Tak Jauh dengan Pusat Mataram Kuno, Syekh Subakir Pilih Gunung Tidar, Konon Bawa Batu Hitam dari Arab

Tak Jauh dengan Pusat Mataram Kuno, Syekh Subakir Pilih Gunung Tidar, Konon Bawa Batu Hitam dari Arab

Gunung Tidar tahun 1921. Masih terlihat kawasan kaki Tidar yang lapang dan menjadi lokasi menggembala ternak. Gunung Tidar masih terlihat gundul tanpa vegetasi pepohonan. Sumber: Postingan Endo' Purnomo, 23 Mei 2014. Grup FB KTM --

RADARMAJALENGKA.COM-Agus Sunyoto dalam Atlas Wali Songo (Buku Pertama yang Mengungkap Wali Songo sebagai Fakta Sejarah) menyebut agama Kapitayan telah tumbuh dan berkembang sejak zaman paleolithik sampai dengan zaman perunggu dan besi di tanah Jawa.

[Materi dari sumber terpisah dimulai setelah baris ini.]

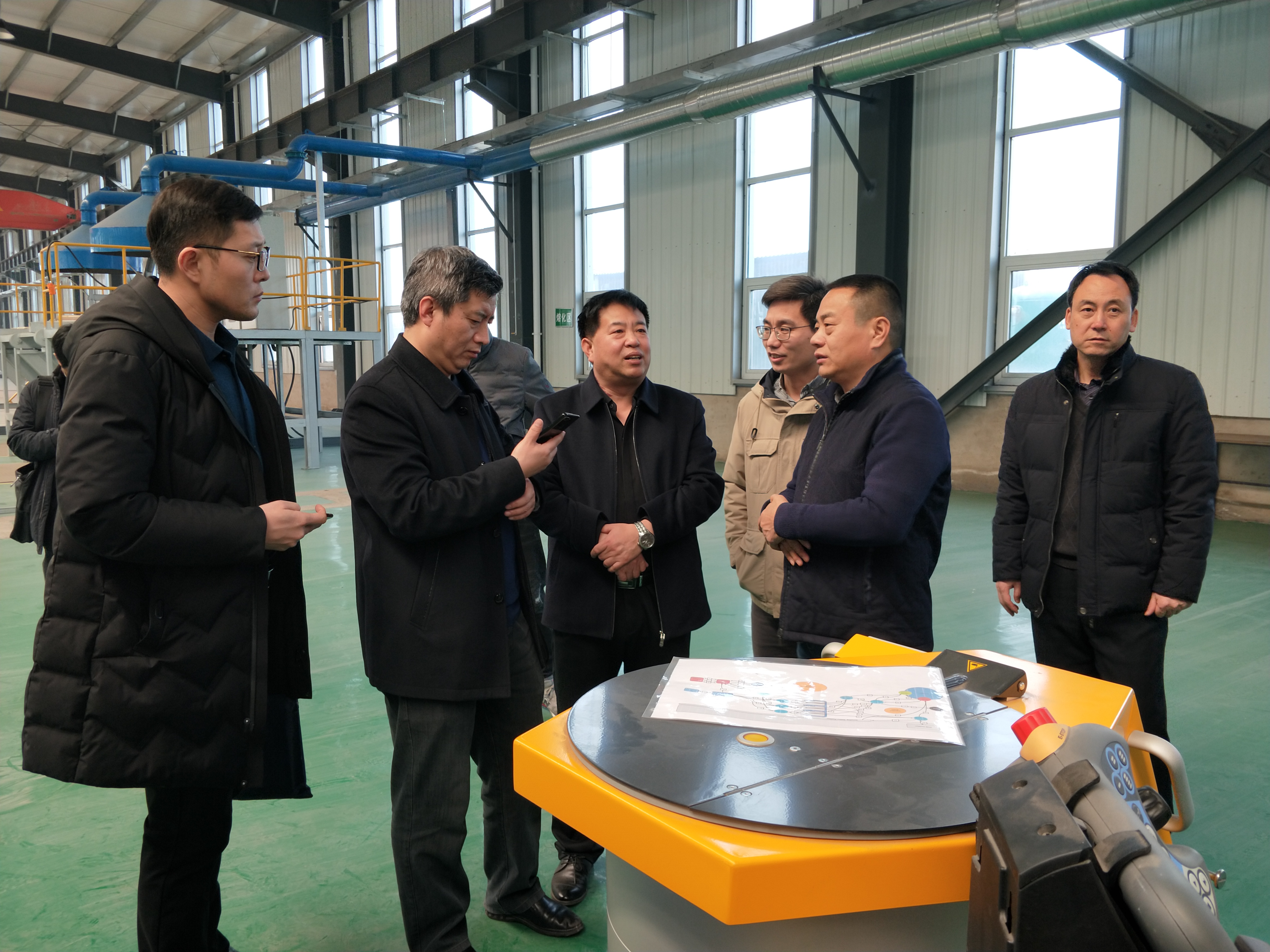 靳新遠副局長一行在生產現場調研,參加座談會。

Agama Kapitayan biasa disebut dengan kepercayaan animisme dan dinamisme yaitu mempercayai adanya benda-benda yang memiliki daya sakti dan kepercayaan terhadap arwah leluhur.

Sehingga Syekh Subakir diutus secara khusus menangani masalah-masalah gaib dan spiritual yang dinilai telah menjadi penghalang diterimanya Islam oleh masyarakat Jawa ketika itu.

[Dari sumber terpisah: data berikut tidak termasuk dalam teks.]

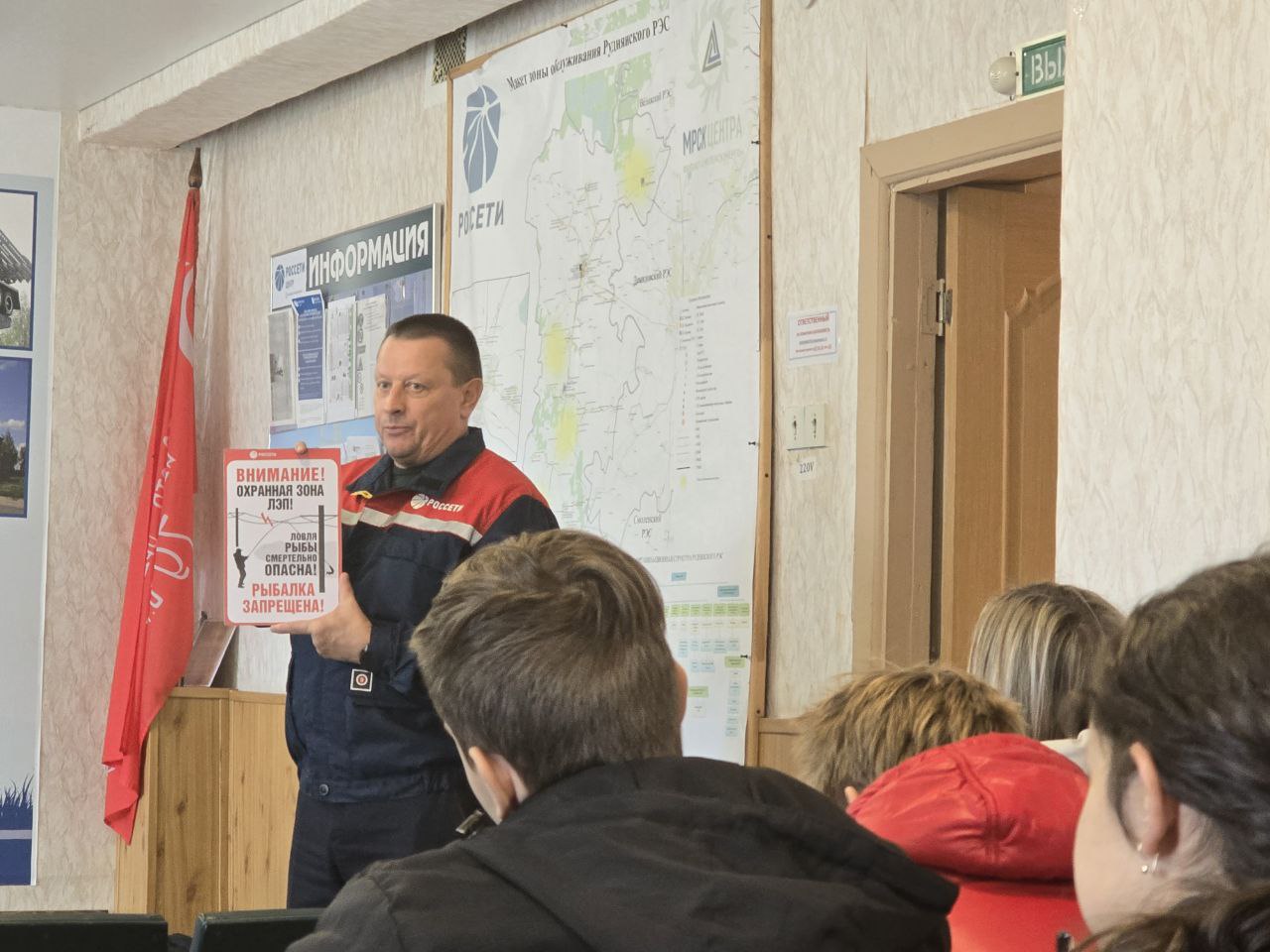 Начальник районных электрических сетей Антипенков Александр Петрович рассказал ребятам об истории создания электросетей и принципах передачи электроэнергии, о том, как развивается крупнейшая электросетевая компания нашей области сегодня и что ожидает ее в будущем. Отдельно он остановился на профессиях, которые нужны для обслуживания электросетей, и учебных заведениях, подготавливающих специалистов для данной отрасли.

Dalam buku Melacak Jejak Syeikh Subakir: Riwayat Penumbalan Tanah Jawa dan Walisanga Generasi Pertama karya M Romadhon disebutkan ada tiga titik sentral yang dijadikan prioritas oleh Syekh Subakir untuk ditumbali, yakni timur, barat, dan tengah.

"Untuk kawasan bagian tengah ini, dia memilih kawasan Gunung Tidar yang letaknya tidak jauh dengan pusat peradaban Mataram Kuno," tulis Romadhon.

Menurutnya, ini adalah salah satu strategi Syekh Subakir dalam mensyiarkan agama Islam. Syekh Subakir memilih Gunung Tidar dimaksudkan untuk mengislamkan pusat dari kerajaan Hindu-Budha pada masa Dinasti Sailendra.

Selain itu Gunung Tidar terletak di pinggir selatan kota Magelang yang kebetulan berada tepat di bagian tengah Pulau Jawa tersebut memang berbentuk seperti kepala paku, sehingga Gunung Tidar sampai sekarang dikenal dengan nama “pakuning lemah Jawa”.

Muhammad Dhiyauddin Quswandhi dalam bukunya berjudul Waliyah Zainab Putri Pewaris Syeikh Sitti Jenar-Sejarah Agama dan Peradaban di Pulau Bawean Syekh Subakir telah meruqyah tanah Jawa.

Langkah ini dilakukan sebagai awal pembuka jalan dakwah, dan menghilangkan anasir-anasir jahat akibat dominasi jin dan siluman yang terkait dengan ritual agama dan kepercayaan yang dianut masyarakat setempat sebelum-nya (Kapitayan-Hindu-Buddha).

Selain itu juga untuk membuka hati masyarakat Jawa agar terbuka hatinya terhadap Islam yang akan segera datang di bawah panji Walisongo.

Muhammad Dhiyauddin Quswandhi menyebut, hal ini dilakukan setelah sebelumnya Syekh Subakir juga singgah dan berhasil meruqyah pulau Bawean.

Sementara berdasarkan Babad Tanah Jawa, Syekh Subakir yang menguasai ilmu gaib dan dapat menerawang makhluk halus mengetahui penyebab utama kegagalan para ulama pendahulu dalam menyebarkan ajaran Islam karena dihalangi para jin dan dedemit penunggu tanah Jawa.

Untuk mengatasi hal tersebut, konon Syekh Subakir membawa batu hitam dari Arab yang telah dirajah dengan nama Rajah Aji Kalacakra.

Rajah Aji Kalacakra tersebut dipasang di tengah-tengah tanah Jawa yaitu di Puncak Gunung Tidar, Magelang. Karena, Gunung Tidar dipercayai sebagai titik sentral atau pakunya tanah Jawa.